- [Task description]: Return the entries exactly. Images are not part of the copy.

- [Material for this exercise]:
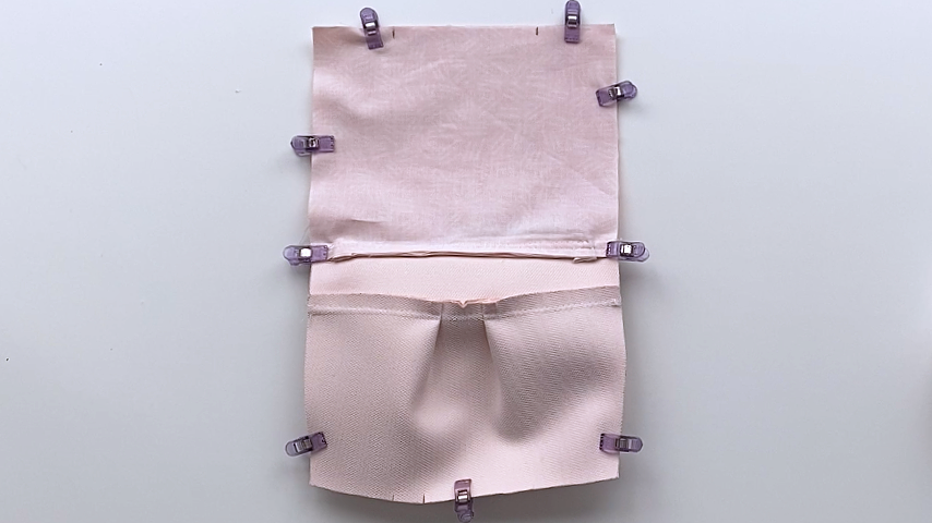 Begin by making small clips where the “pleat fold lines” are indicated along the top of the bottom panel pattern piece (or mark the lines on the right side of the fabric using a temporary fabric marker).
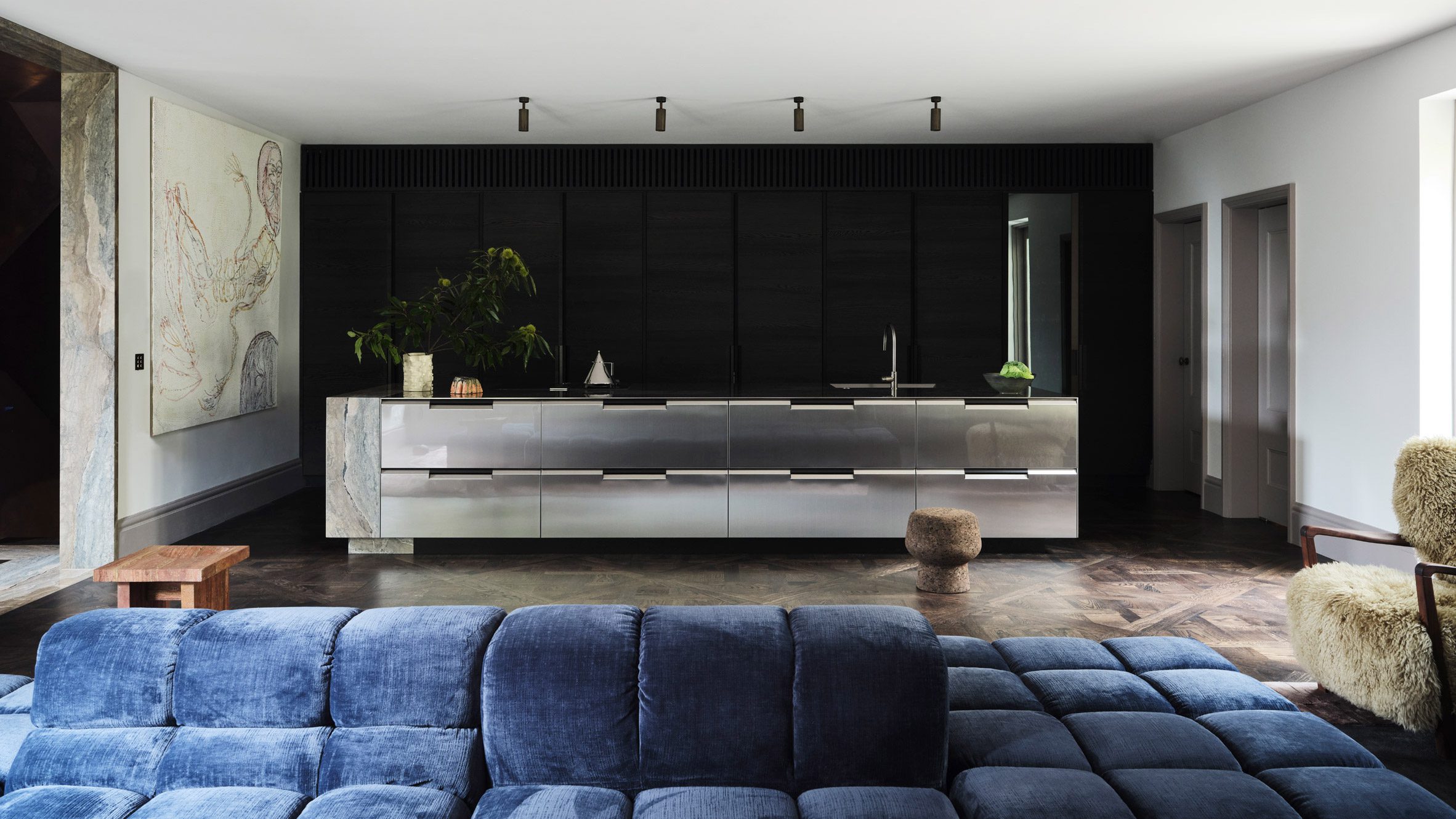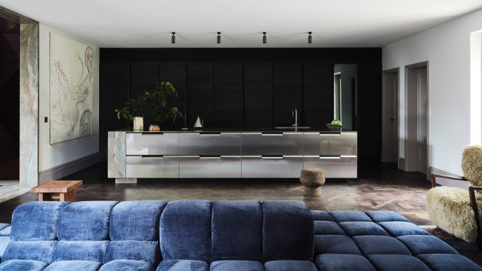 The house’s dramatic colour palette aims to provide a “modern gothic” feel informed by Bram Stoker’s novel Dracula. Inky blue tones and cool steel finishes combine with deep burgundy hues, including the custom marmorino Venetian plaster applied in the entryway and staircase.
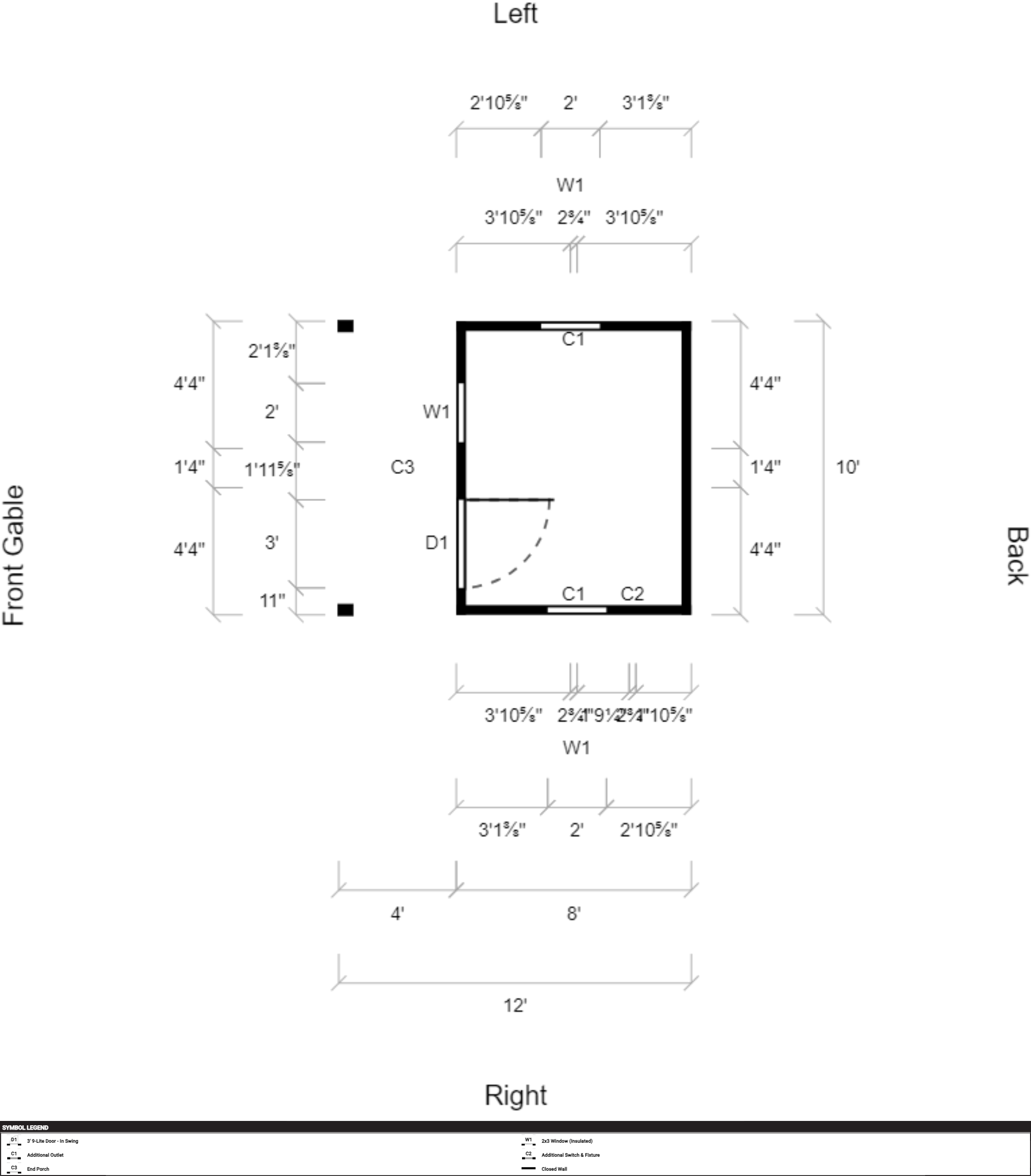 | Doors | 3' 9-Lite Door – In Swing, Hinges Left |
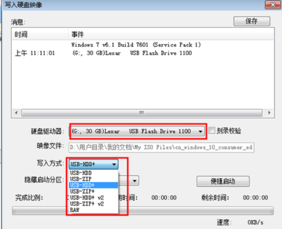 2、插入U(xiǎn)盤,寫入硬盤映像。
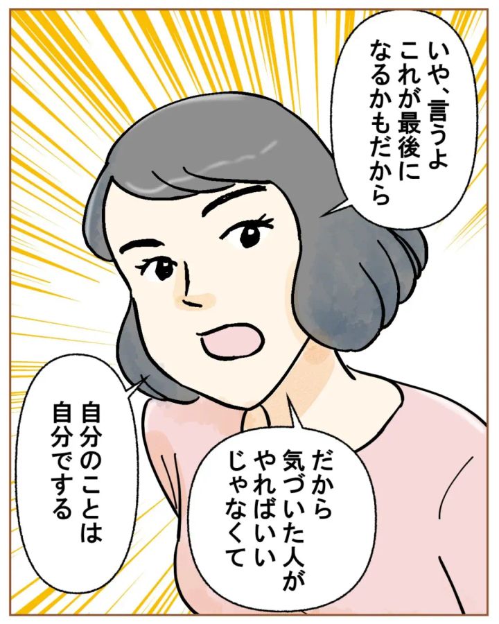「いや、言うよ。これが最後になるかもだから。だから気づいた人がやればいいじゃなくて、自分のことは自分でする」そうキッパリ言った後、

- [The answer]:
 Begin by making small clips where the “pleat fold lines” are indicated along the top of the bottom panel pattern piece (or mark the lines on the right side of the fabric using a temporary fabric marker).
 The house’s dramatic colour palette aims to provide a “modern gothic” feel informed by Bram Stoker’s novel Dracula. Inky blue tones and cool steel finishes combine with deep burgundy hues, including the custom marmorino Venetian plaster applied in the entryway and staircase.
 | Doors | 3' 9-Lite Door – In Swing, Hinges Left |
 2、插入U(xiǎn)盤,寫入硬盤映像。
「いや、言うよ。これが最後になるかもだから。だから気づいた人がやればいいじゃなくて、自分のことは自分でする」そうキッパリ言った後、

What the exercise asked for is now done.